* _WHAT YOU NEED TO DO_: Report every line of the records that includes the word "pockets".

* _DATASET RECORDS_:
■ ■ ■ ■ ■

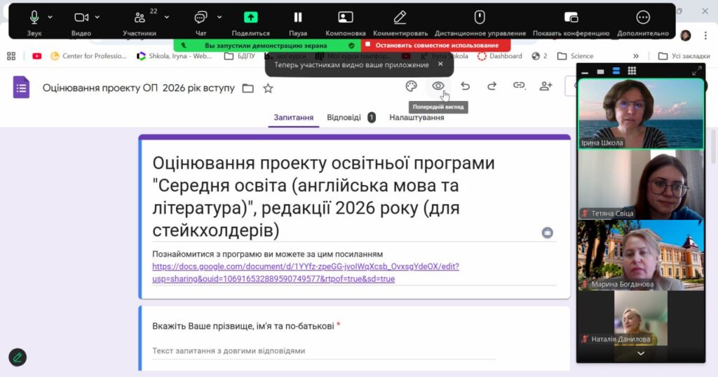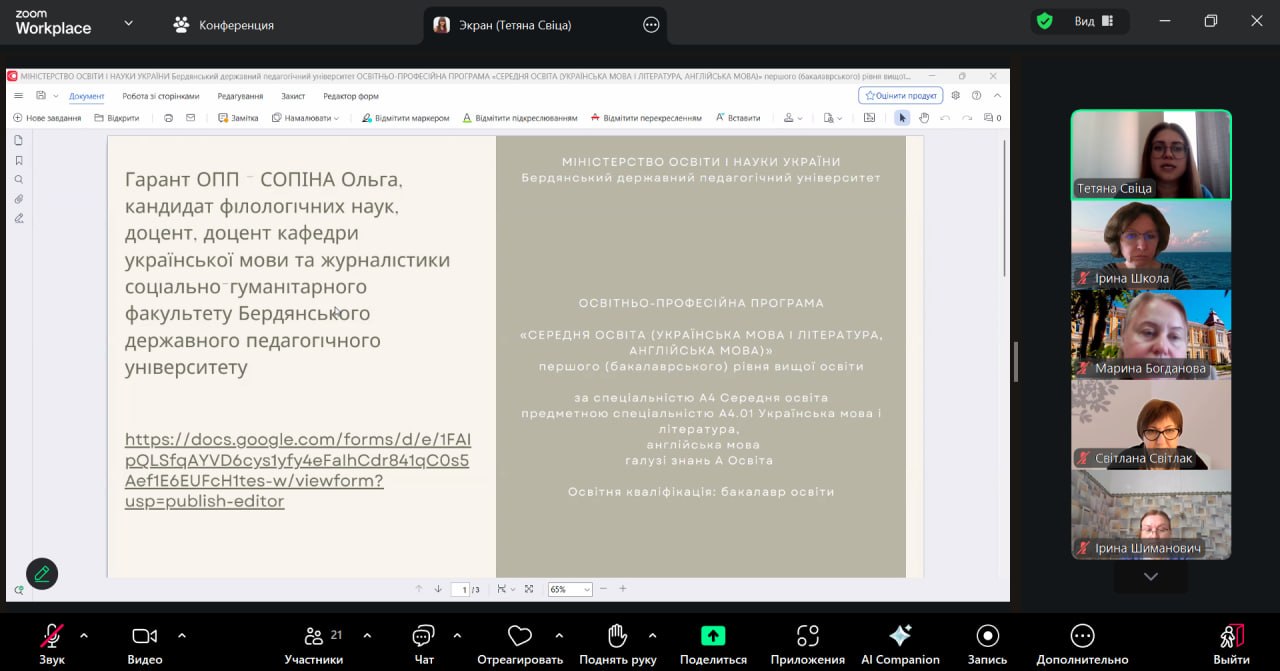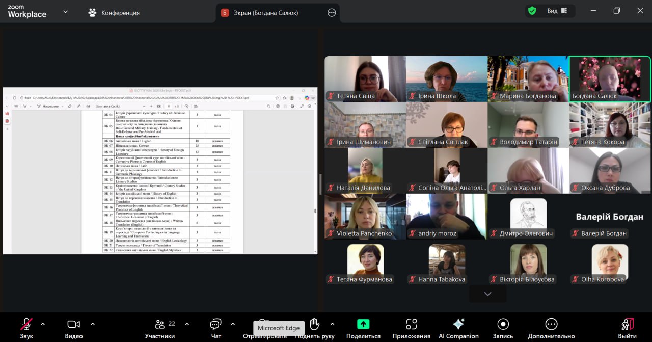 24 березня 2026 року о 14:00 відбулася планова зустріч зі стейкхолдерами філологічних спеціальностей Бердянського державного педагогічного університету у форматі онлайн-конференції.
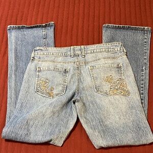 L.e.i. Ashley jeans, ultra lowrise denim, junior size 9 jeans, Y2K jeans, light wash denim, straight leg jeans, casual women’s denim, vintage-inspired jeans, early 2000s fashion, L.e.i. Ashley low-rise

■ ■ ■ ■ ■

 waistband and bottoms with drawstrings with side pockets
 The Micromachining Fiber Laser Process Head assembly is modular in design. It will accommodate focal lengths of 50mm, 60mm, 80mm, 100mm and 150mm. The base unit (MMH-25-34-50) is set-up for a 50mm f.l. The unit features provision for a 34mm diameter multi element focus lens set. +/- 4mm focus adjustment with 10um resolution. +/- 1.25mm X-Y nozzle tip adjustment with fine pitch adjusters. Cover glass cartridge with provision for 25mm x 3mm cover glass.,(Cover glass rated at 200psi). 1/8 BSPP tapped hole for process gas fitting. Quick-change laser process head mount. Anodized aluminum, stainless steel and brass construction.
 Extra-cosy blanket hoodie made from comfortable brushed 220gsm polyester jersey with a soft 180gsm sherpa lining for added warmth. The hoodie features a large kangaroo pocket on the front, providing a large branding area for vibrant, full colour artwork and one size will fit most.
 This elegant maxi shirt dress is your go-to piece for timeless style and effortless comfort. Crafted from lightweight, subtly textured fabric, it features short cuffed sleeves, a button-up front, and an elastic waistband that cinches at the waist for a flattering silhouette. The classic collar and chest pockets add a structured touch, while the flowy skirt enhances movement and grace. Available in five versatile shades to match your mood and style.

■ ■ ■ ■ ■

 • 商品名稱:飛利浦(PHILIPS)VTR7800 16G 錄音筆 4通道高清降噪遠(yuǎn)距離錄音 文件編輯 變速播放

■ ■ ■ ■ ■

* _YOUR SOLUTION_:
 waistband and bottoms with drawstrings with side pockets
 This elegant maxi shirt dress is your go-to piece for timeless style and effortless comfort. Crafted from lightweight, subtly textured fabric, it features short cuffed sleeves, a button-up front, and an elastic waistband that cinches at the waist for a flattering silhouette. The classic collar and chest pockets add a structured touch, while the flowy skirt enhances movement and grace. Available in five versatile shades to match your mood and style.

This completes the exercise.